Problem to work on
With pictures left out, set down exactly the lines from the line containing "Rainbow, realistic, artistically" through the last line of the data.

Provided information
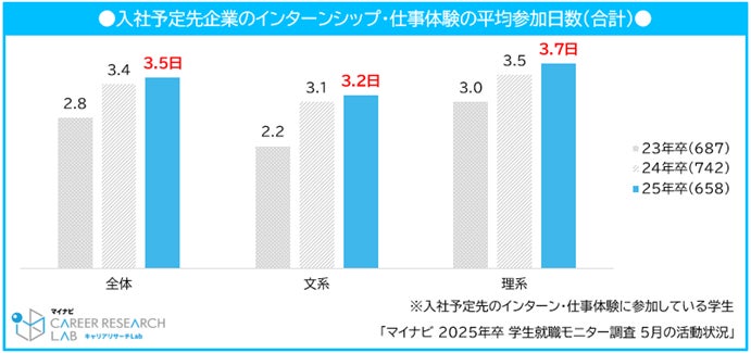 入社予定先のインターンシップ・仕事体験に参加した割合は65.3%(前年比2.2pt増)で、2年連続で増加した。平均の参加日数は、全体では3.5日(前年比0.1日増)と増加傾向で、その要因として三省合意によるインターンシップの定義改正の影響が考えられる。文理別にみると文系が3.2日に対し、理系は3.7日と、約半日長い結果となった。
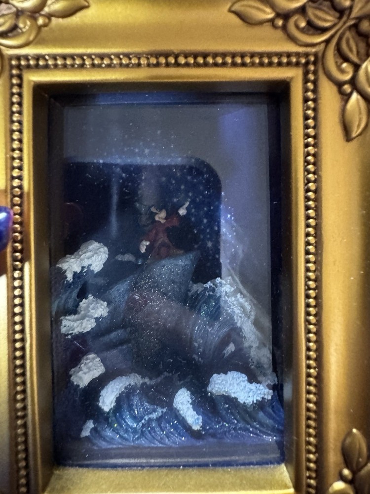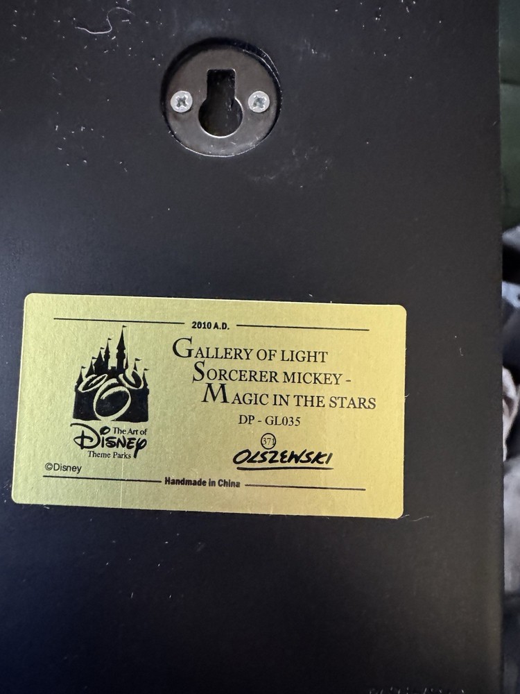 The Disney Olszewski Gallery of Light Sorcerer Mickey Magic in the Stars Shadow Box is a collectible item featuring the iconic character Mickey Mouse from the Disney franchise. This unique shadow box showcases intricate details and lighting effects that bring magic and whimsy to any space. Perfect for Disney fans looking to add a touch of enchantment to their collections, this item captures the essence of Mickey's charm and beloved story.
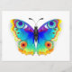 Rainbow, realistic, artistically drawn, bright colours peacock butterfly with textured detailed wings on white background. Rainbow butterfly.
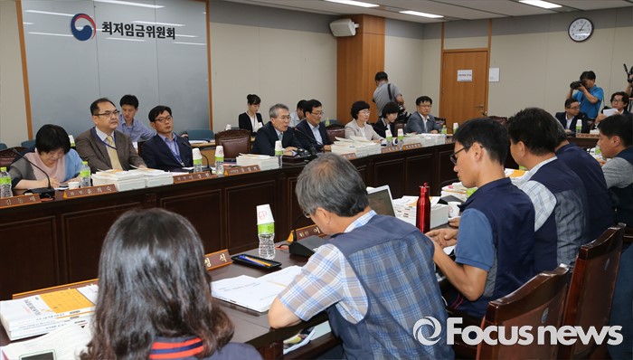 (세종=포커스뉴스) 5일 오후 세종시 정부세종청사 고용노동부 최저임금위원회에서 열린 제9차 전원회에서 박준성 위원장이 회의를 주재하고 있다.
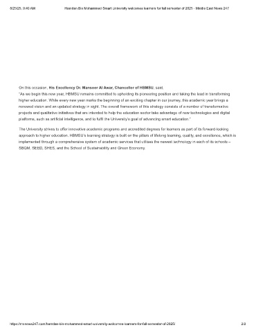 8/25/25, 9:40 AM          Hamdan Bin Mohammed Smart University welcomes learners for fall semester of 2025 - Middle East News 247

Response area
 Rainbow, realistic, artistically drawn, bright colours peacock butterfly with textured detailed wings on white background. Rainbow butterfly.
 (세종=포커스뉴스) 5일 오후 세종시 정부세종청사 고용노동부 최저임금위원회에서 열린 제9차 전원회에서 박준성 위원장이 회의를 주재하고 있다.
 8/25/25, 9:40 AM          Hamdan Bin Mohammed Smart University welcomes learners for fall semester of 2025 - Middle East News 247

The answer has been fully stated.